Please set down, word for word, the line that contains "10月19日,山东农业大学党" and every line after it to the end of the entries below, omitting the pictures.

___ DATA FOR THIS TASK ___

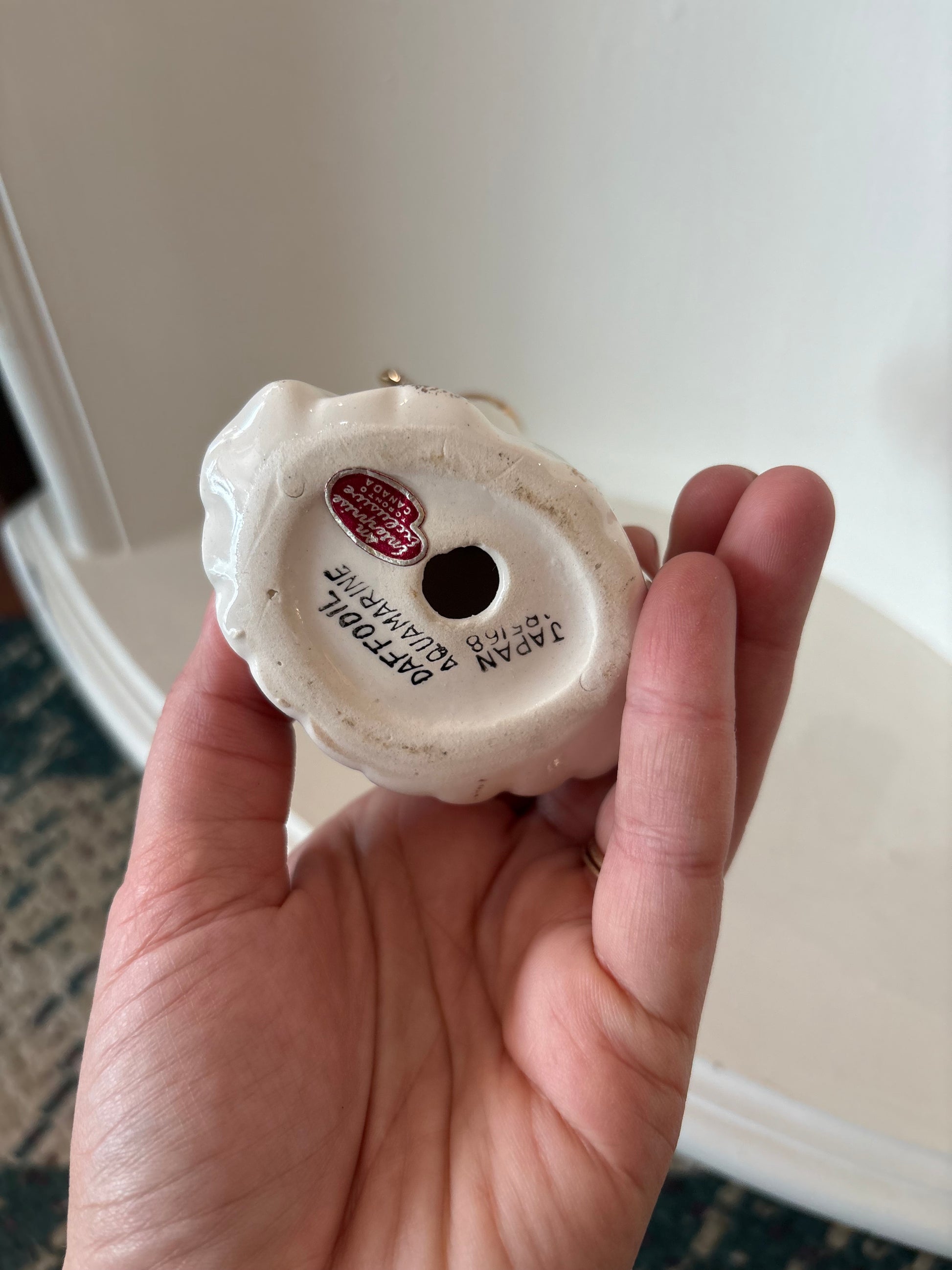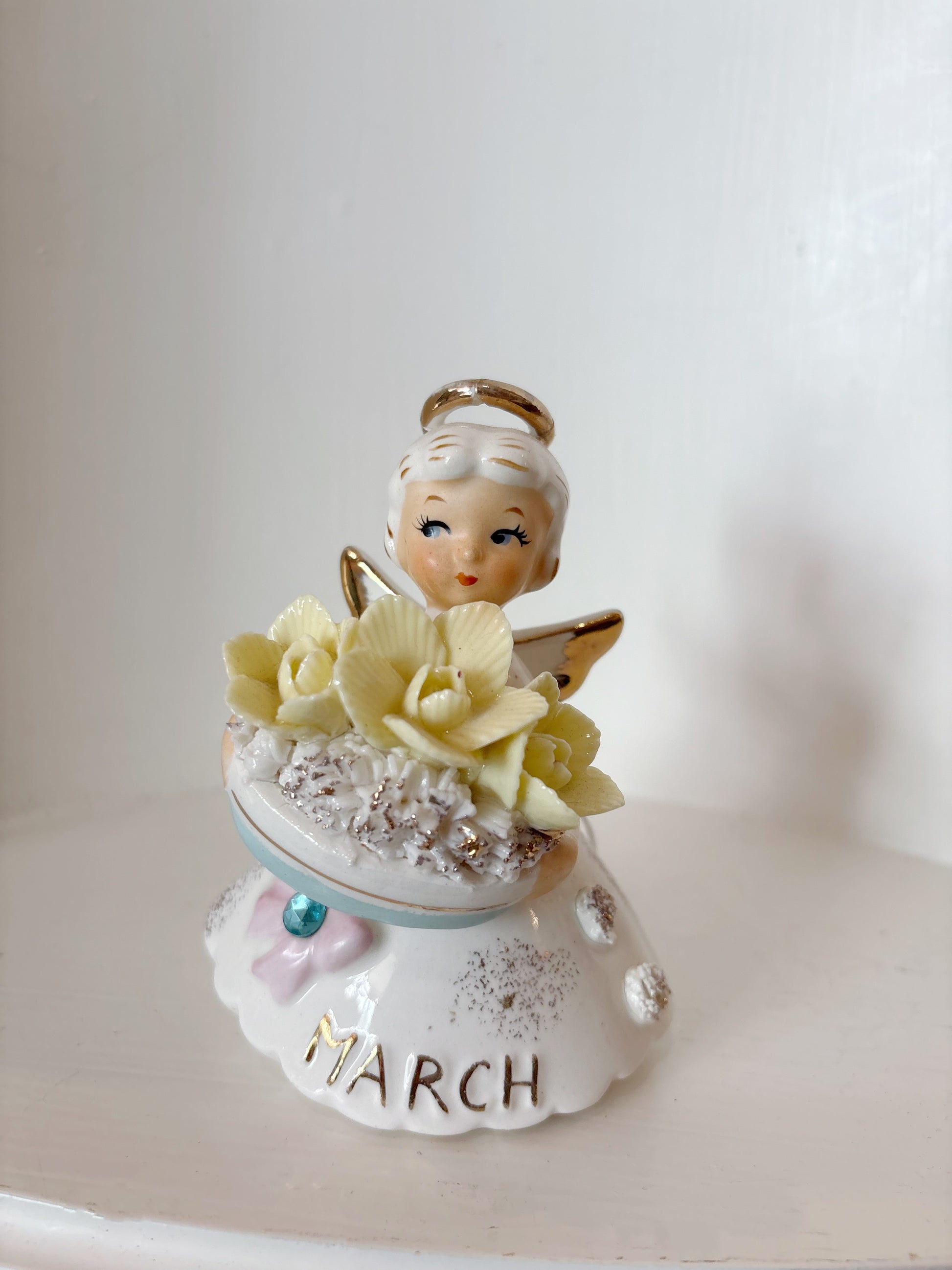 Vintage Lefton March Birthday Girl Angel Daffodil Aquamarine Spaghetti Figurine
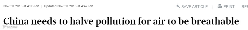 金融评论报:《中国需要减少一半污染才能有可呼吸的空气》
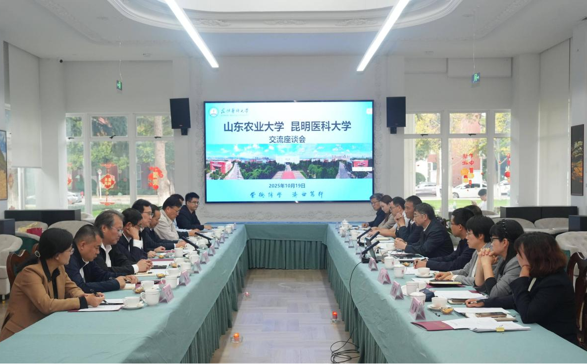 10月19日,山东农业大学党委书记徐剑波一行到昆明医科大学考察交流。昆明医科大学党委书记尹向阳,校长夏雪山,党委常委、副校长李利华出席会议,两校相关部门负责人参加座谈交流。双方围绕人才队伍建设、科技创新及“十五五”建设发展规划等领域深入交流。
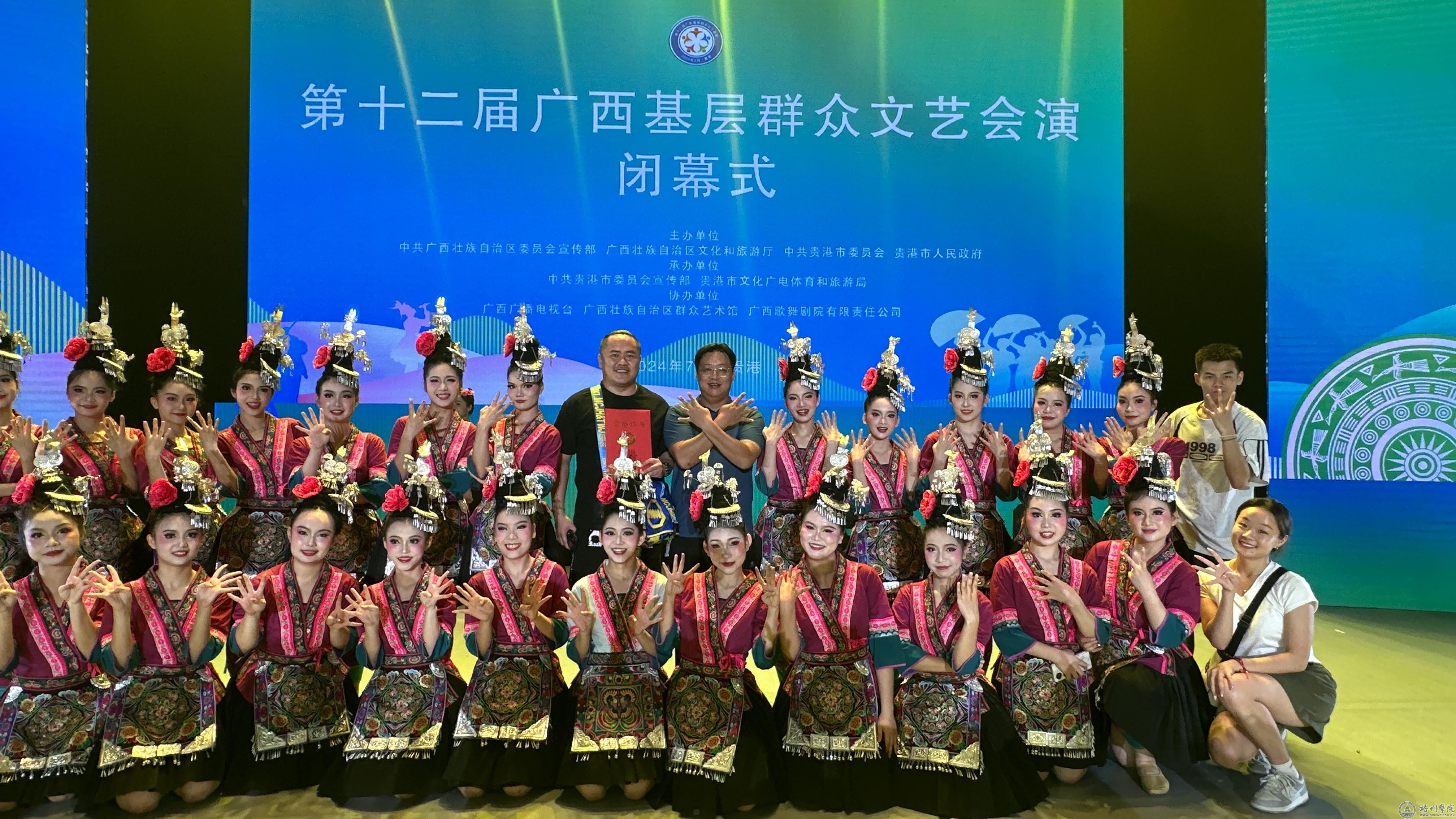 7月16日,第十二届广西基层群众文艺会演闭幕式在贵港市行政会议中心大会堂举行,舞蹈《一布一生》受邀参加了闭幕式演出,向全区人民展示我校美育工作成果和大学生积极向上的精神风貌。
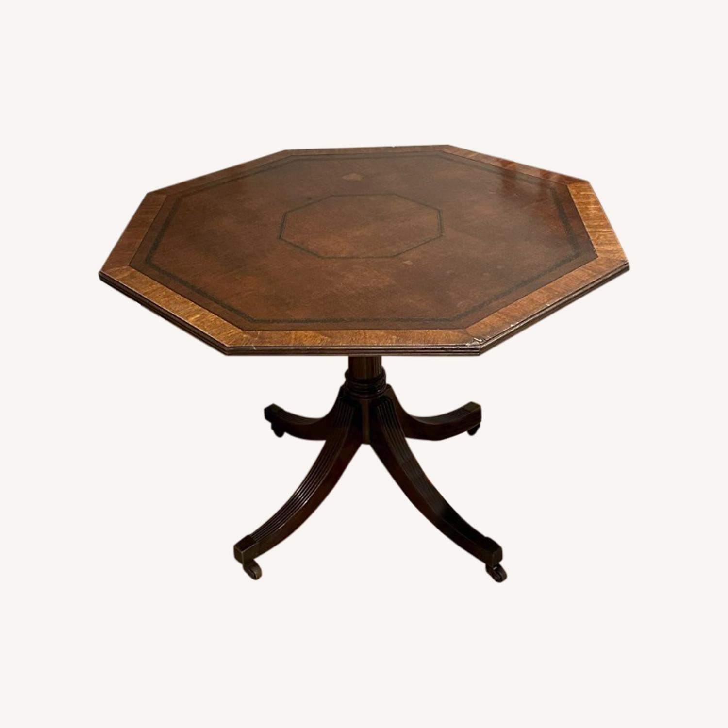Antique Octagonal Wood Leather Card Table
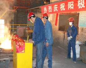 2012年7月7日上午11點零19分,青海物產(chǎn)工業(yè)投資有限公司10萬噸電解鋁/年升級改造項目,簡易陽極組裝車間大門前鞭炮齊鳴。青海物產(chǎn)工業(yè)投資有限公司黨總支副書記、青海長春炭素有限公司總經(jīng)理王松華,公司常務(wù)副總經(jīng)理、項目副總指揮常海寧,工業(yè)投資和長春炭素公司副總經(jīng)理姜紅萍,公司副總經(jīng)理張秉瑜,總經(jīng)理助理范登福等公司領(lǐng)導(dǎo)和各車間、部室的職工出席了簡單的點火澆鑄儀式。王松華同志按下了點火按鈕鄭重宣布澆鑄正式開始。當(dāng)中頻爐工將第一爐鐵水倒入抬包時,標志著新陽極組裝車間正式投產(chǎn)運行。

___

OUTPUT OF THE TASK:
 10月19日,山东农业大学党委书记徐剑波一行到昆明医科大学考察交流。昆明医科大学党委书记尹向阳,校长夏雪山,党委常委、副校长李利华出席会议,两校相关部门负责人参加座谈交流。双方围绕人才队伍建设、科技创新及“十五五”建设发展规划等领域深入交流。
 7月16日,第十二届广西基层群众文艺会演闭幕式在贵港市行政会议中心大会堂举行,舞蹈《一布一生》受邀参加了闭幕式演出,向全区人民展示我校美育工作成果和大学生积极向上的精神风貌。
Antique Octagonal Wood Leather Card Table
 2012年7月7日上午11點零19分,青海物產(chǎn)工業(yè)投資有限公司10萬噸電解鋁/年升級改造項目,簡易陽極組裝車間大門前鞭炮齊鳴。青海物產(chǎn)工業(yè)投資有限公司黨總支副書記、青海長春炭素有限公司總經(jīng)理王松華,公司常務(wù)副總經(jīng)理、項目副總指揮常海寧,工業(yè)投資和長春炭素公司副總經(jīng)理姜紅萍,公司副總經(jīng)理張秉瑜,總經(jīng)理助理范登福等公司領(lǐng)導(dǎo)和各車間、部室的職工出席了簡單的點火澆鑄儀式。王松華同志按下了點火按鈕鄭重宣布澆鑄正式開始。當(dāng)中頻爐工將第一爐鐵水倒入抬包時,標志著新陽極組裝車間正式投產(chǎn)運行。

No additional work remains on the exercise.